--- START ---
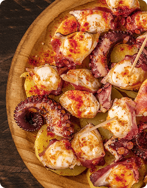 Originário da Galícia, no noroeste da Espanha, o Pulpo a la Gallega — ou Polbo á Feira em galego — é um dos pratos mais emblemáticos da região. Preparado com polvo cozido lentamente, é servido em rodelas sobre batatas, regado com azeite de oliva extravirgem e polvilhado com sal grosso e páprica.
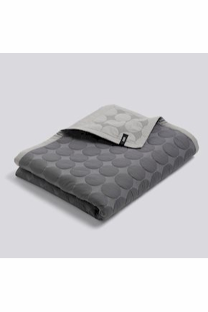 Vattert sengeteppe fra Hay. Mørk grå på den ene siden og lysere grå på den andre siden.
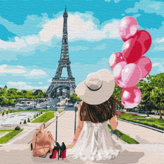 Картина раскраска по номерам на холсте - 40*40см Идейка КН4756 Девушка с шариками
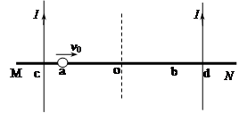 3、选择题 如图所示,两根长直导线竖直平行固定放置,且与水平固定放置的光滑绝缘杆MN分别交于c、d两点,点o是cd的中点,杆MN上a、b两点关于o点对称。两导线均通有大小相等、方向向上的电流,已知长直导线在周围某点产生磁场的磁感应强度与电流成正比、与该点到导线的距离成反比。一带正电的小球穿在杆上,以初速度v0从a点出发沿杆运动到b点。在a、b、o三点杆对小球的支持力大小分别为Fa、Fb、Fo。下列说法可能正确的是(?)
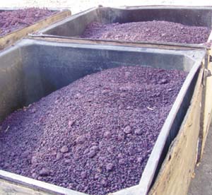 Pomace is the general term for any solid material — such as the skins, pulp and seeds — leftover after wine or juice has been made. Here
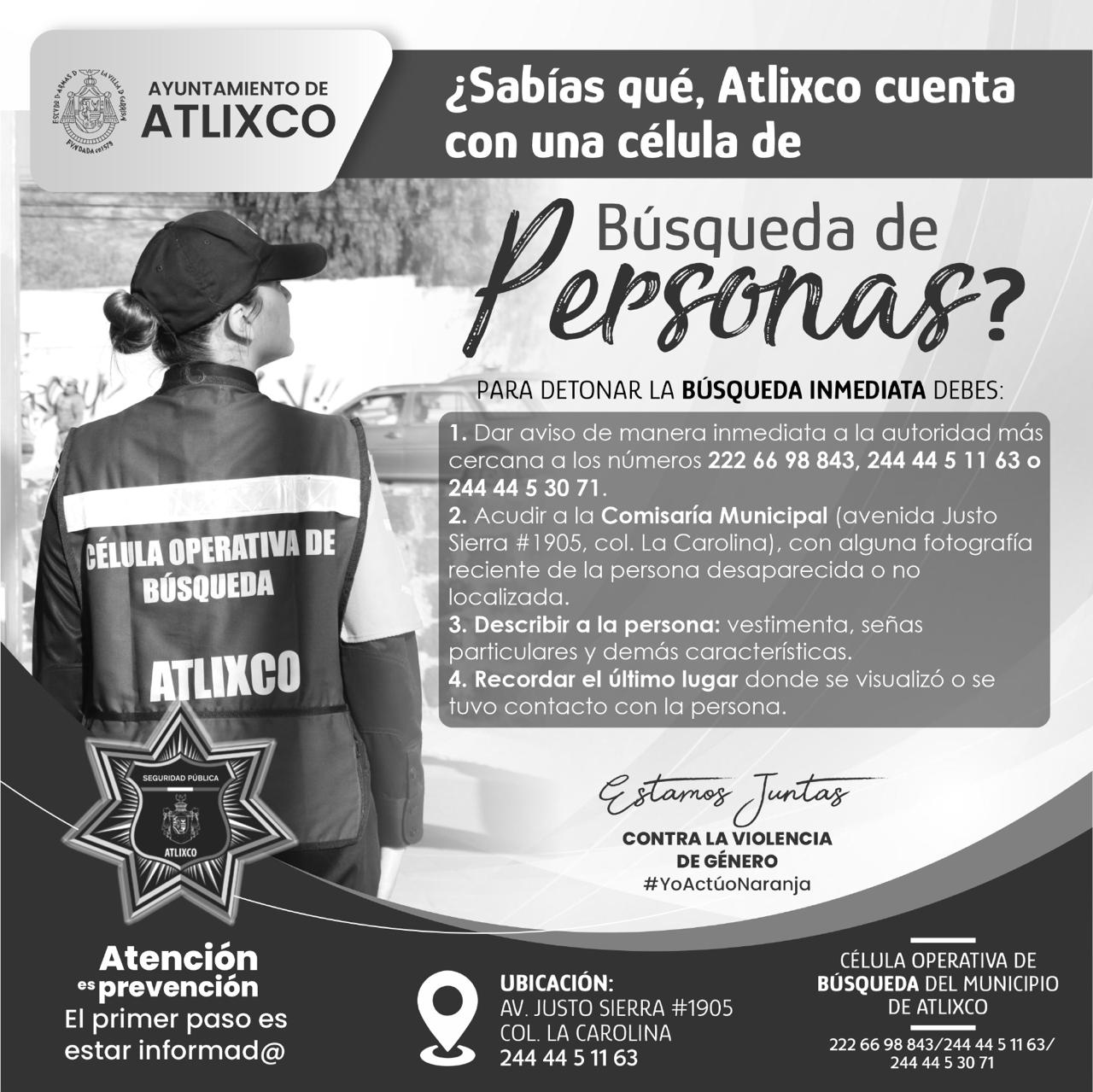 ¿Sabías que Atlixco cuenta con una Célula de Búsqueda de Personas?, integrada por elementos de seguridad pública que colaboran en la búsqueda y localización de personas reportadas como desaparecidas.
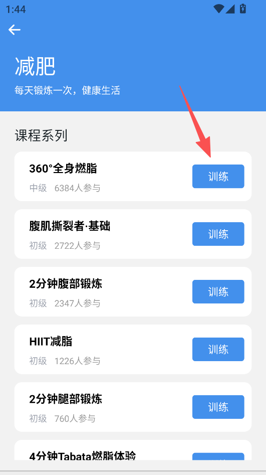 2、在减肥课程页面,选择课程,点击右侧“训练”。
--- END ---
**Exercise instructions**
From the line containing "3、选择题 如图所示,两根长" down to the final line of the records above, restate every line word for word, add nothing, and skip the pictures.

**Answer area**
 3、选择题 如图所示,两根长直导线竖直平行固定放置,且与水平固定放置的光滑绝缘杆MN分别交于c、d两点,点o是cd的中点,杆MN上a、b两点关于o点对称。两导线均通有大小相等、方向向上的电流,已知长直导线在周围某点产生磁场的磁感应强度与电流成正比、与该点到导线的距离成反比。一带正电的小球穿在杆上,以初速度v0从a点出发沿杆运动到b点。在a、b、o三点杆对小球的支持力大小分别为Fa、Fb、Fo。下列说法可能正确的是(?)
 Pomace is the general term for any solid material — such as the skins, pulp and seeds — leftover after wine or juice has been made. Here
 ¿Sabías que Atlixco cuenta con una Célula de Búsqueda de Personas?, integrada por elementos de seguridad pública que colaboran en la búsqueda y localización de personas reportadas como desaparecidas.
 2、在减肥课程页面,选择课程,点击右侧“训练”。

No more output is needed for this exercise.